And you're right, it's about normalizing values. All normalizing does is make the length of that vector 1 unit long - hence it's called a unit vector. On the plus side, normalizing is simple! Either languages have it build in and you can just do:

Vector2 dirNormalized = direction.Normalize();

Or, you can do it manually by dividing each component by the length:

float length = sqrt( direction.X*direction.X + direction.Y*direction.Y )
Vector2 dirNormalized = new Vector2( direction.X / length, direction.Y / length );

I would use the built-in methods. Much less hassle. ;)

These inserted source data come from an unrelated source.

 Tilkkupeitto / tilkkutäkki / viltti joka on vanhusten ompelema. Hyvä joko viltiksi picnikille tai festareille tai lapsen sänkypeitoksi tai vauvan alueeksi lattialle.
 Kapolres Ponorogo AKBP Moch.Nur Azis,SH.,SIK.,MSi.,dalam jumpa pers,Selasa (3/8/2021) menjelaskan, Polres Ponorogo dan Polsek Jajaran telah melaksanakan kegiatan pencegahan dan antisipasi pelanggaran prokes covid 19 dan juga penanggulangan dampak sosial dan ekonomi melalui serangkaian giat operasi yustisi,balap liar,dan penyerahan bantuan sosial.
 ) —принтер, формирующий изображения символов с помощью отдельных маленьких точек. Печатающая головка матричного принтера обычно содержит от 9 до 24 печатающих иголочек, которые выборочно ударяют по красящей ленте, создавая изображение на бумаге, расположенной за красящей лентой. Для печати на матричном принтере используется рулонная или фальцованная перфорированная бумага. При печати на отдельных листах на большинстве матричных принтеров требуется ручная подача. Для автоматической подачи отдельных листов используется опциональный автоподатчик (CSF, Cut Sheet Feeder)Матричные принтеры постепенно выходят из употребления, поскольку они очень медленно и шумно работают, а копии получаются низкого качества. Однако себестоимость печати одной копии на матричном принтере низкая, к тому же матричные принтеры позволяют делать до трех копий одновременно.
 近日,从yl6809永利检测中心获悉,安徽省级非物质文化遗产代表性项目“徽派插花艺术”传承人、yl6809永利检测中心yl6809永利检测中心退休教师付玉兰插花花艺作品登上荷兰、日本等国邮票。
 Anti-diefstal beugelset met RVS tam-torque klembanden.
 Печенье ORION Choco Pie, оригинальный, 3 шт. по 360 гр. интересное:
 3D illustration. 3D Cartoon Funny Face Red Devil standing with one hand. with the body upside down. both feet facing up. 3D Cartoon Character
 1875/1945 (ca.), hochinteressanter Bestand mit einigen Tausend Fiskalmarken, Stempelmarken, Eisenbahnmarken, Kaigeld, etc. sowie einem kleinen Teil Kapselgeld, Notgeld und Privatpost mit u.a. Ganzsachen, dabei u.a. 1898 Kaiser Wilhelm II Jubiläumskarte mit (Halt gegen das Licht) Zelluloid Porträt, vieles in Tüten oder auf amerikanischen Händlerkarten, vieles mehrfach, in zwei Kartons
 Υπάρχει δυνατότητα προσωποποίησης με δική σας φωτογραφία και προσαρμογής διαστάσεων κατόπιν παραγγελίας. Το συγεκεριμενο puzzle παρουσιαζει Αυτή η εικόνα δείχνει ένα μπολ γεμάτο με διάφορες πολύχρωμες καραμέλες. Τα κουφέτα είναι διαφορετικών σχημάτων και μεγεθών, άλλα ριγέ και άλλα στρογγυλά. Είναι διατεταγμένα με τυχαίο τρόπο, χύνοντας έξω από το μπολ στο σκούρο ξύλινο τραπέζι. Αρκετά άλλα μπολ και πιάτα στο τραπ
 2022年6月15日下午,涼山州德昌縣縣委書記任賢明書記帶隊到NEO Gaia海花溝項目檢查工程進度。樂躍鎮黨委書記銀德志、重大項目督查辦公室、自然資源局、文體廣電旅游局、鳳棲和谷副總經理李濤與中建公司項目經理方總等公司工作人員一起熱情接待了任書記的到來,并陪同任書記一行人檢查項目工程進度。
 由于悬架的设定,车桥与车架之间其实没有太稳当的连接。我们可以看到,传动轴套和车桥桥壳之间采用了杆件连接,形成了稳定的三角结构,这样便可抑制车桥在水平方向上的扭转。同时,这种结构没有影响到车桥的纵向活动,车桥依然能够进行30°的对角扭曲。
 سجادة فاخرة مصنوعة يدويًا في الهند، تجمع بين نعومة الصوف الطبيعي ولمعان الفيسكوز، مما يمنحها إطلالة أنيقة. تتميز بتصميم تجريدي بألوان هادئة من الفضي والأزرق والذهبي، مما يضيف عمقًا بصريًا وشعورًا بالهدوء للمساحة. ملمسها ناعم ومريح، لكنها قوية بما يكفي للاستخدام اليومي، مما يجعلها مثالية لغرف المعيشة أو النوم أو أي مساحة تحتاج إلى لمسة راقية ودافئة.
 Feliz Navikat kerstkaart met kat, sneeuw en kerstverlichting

If you want to specify directions at arbitrary angles, the easiest way to do this is using trigonometry:

Vector2 direction = new Vector2();
direction.X = Math.Cos( angleInRadians );
direction.Y = Math.Sin( angleInRadians );

This will give you a unit vector in the direction of angleInRadians from your left example, going counter-clockwise. If this sounds complicated, think of it as a clock hand that starts at 3 and goes counter-clockwise as the angle increases, and reaches back to 3 at 2*PI radians, or 360 degrees.

To get extra-fancy, multiply these by a 'speed' value to get a velocity vector:

float speed = 8.5f;
direction.X = speed * Math.Cos( angleInRadians );
direction.Y = speed * Math.Sin( angleInRadians );

This will give you a vector of length 8.5, with the direction specified by the angle.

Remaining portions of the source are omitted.